Records supplied:
********************
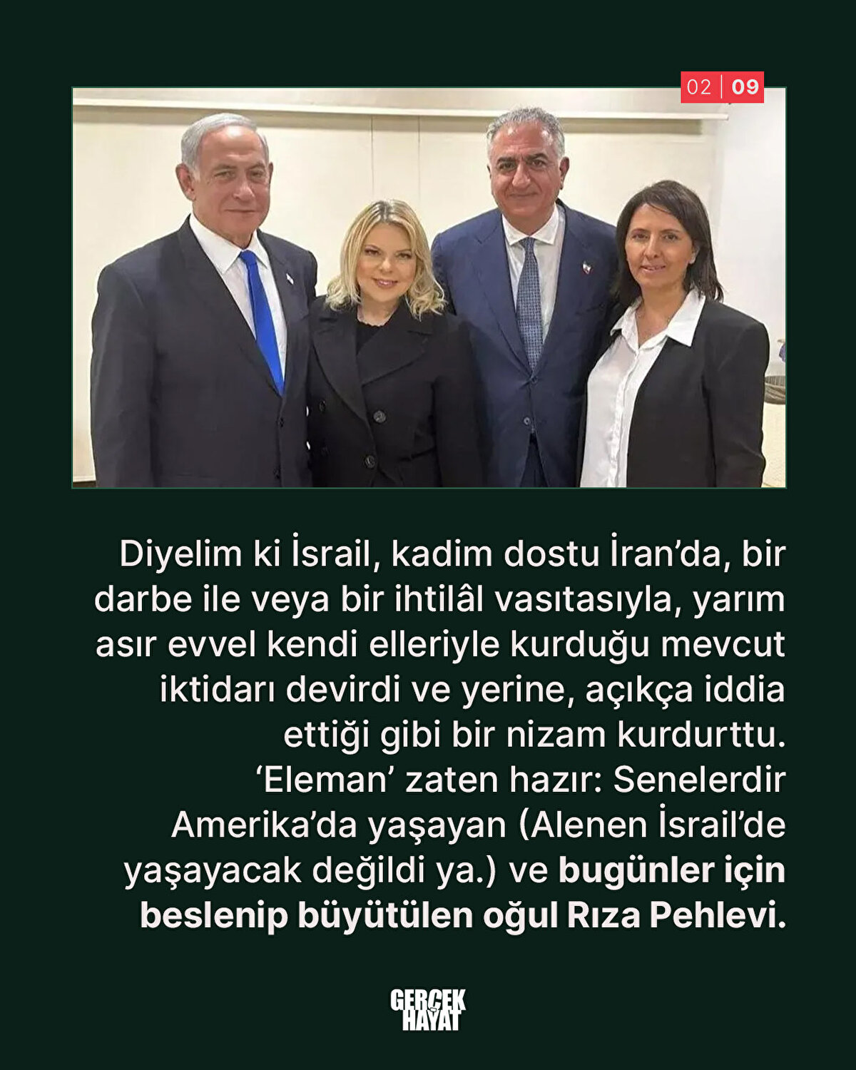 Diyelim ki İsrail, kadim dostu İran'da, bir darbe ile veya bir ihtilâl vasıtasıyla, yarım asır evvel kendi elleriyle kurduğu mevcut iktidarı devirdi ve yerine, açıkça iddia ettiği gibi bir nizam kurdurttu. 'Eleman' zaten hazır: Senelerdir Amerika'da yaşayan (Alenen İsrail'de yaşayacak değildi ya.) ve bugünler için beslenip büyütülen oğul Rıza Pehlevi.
********************
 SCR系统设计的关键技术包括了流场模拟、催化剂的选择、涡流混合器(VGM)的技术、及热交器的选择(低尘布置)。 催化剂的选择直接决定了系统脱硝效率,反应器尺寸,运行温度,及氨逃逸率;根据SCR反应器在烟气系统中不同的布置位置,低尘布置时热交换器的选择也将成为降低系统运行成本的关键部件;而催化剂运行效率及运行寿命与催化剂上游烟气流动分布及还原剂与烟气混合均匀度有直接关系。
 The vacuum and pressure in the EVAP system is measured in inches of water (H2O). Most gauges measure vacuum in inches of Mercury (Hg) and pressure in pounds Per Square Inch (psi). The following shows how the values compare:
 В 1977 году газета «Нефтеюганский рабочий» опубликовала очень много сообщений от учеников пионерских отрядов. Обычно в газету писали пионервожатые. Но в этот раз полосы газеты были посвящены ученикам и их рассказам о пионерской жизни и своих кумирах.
********************
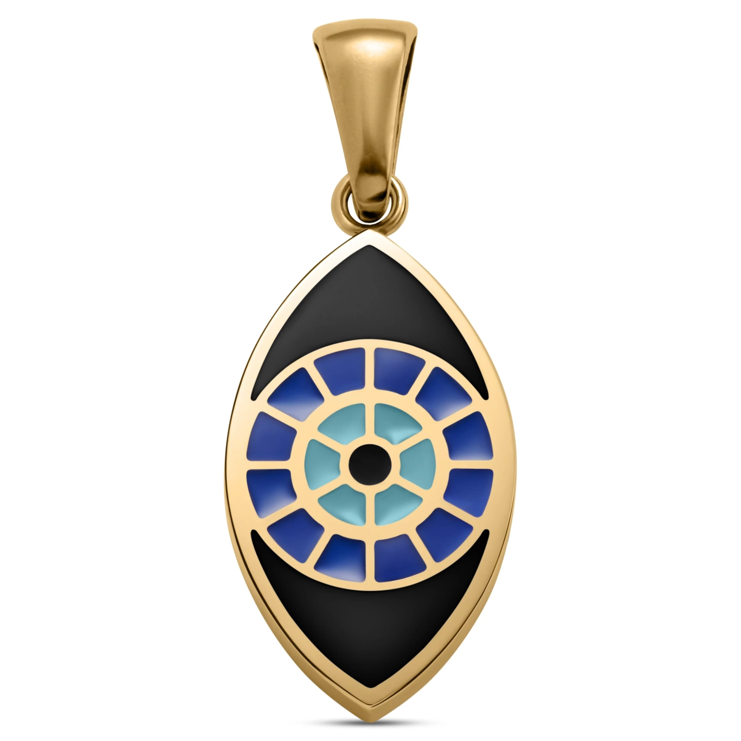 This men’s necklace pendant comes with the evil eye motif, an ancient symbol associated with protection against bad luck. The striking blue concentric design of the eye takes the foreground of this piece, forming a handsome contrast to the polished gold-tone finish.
********************
Problem statement: In the listing above, transcribe exactly everything from the line containing "The vacuum and" down to the line containing "В 1977 году", including both and nothing more.

Reply:
 The vacuum and pressure in the EVAP system is measured in inches of water (H2O). Most gauges measure vacuum in inches of Mercury (Hg) and pressure in pounds Per Square Inch (psi). The following shows how the values compare:
 В 1977 году газета «Нефтеюганский рабочий» опубликовала очень много сообщений от учеников пионерских отрядов. Обычно в газету писали пионервожатые. Но в этот раз полосы газеты были посвящены ученикам и их рассказам о пионерской жизни и своих кумирах.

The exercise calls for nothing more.